What to produce -
No pictures go into the output, which should consist only of the lines from the first line of the data through the line with "シクラメンの品質向上には、葉", copied exactly.

Data excerpt -

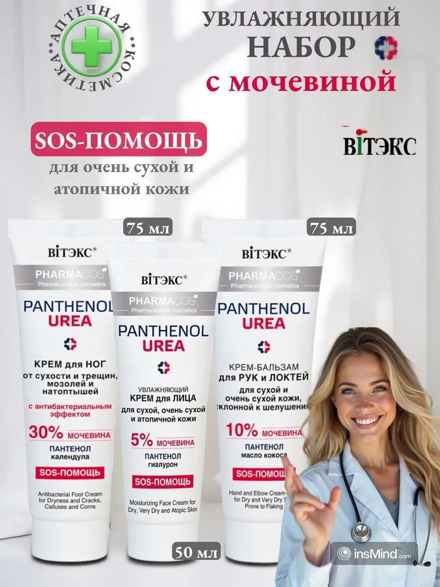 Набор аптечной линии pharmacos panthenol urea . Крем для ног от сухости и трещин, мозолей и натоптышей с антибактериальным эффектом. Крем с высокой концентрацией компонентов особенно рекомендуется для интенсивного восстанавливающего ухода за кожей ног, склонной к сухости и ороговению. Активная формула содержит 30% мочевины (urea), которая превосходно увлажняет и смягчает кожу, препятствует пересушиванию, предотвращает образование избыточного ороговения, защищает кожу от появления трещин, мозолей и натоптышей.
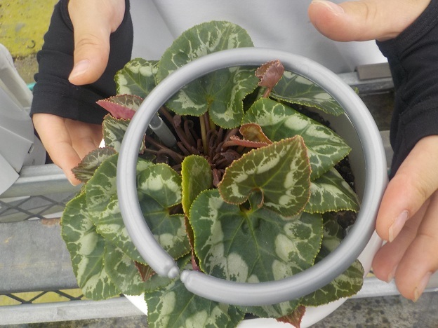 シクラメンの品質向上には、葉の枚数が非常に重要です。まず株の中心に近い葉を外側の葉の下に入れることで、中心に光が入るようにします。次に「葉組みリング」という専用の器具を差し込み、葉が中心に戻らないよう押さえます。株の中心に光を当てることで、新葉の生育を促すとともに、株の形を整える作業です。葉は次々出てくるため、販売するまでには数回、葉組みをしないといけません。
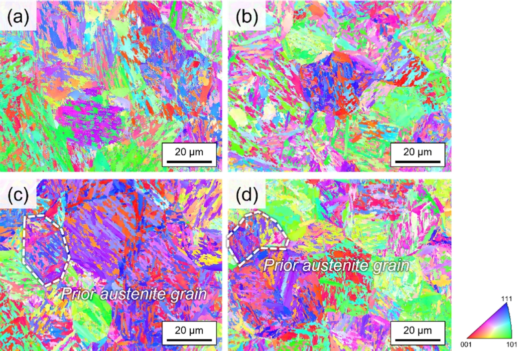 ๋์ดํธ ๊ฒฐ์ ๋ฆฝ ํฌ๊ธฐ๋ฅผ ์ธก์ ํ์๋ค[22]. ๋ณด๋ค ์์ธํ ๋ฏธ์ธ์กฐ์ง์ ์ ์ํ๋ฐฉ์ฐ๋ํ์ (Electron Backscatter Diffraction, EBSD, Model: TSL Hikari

Answer to this task -
 Набор аптечной линии pharmacos panthenol urea . Крем для ног от сухости и трещин, мозолей и натоптышей с антибактериальным эффектом. Крем с высокой концентрацией компонентов особенно рекомендуется для интенсивного восстанавливающего ухода за кожей ног, склонной к сухости и ороговению. Активная формула содержит 30% мочевины (urea), которая превосходно увлажняет и смягчает кожу, препятствует пересушиванию, предотвращает образование избыточного ороговения, защищает кожу от появления трещин, мозолей и натоптышей.
 シクラメンの品質向上には、葉の枚数が非常に重要です。まず株の中心に近い葉を外側の葉の下に入れることで、中心に光が入るようにします。次に「葉組みリング」という専用の器具を差し込み、葉が中心に戻らないよう押さえます。株の中心に光を当てることで、新葉の生育を促すとともに、株の形を整える作業です。葉は次々出てくるため、販売するまでには数回、葉組みをしないといけません。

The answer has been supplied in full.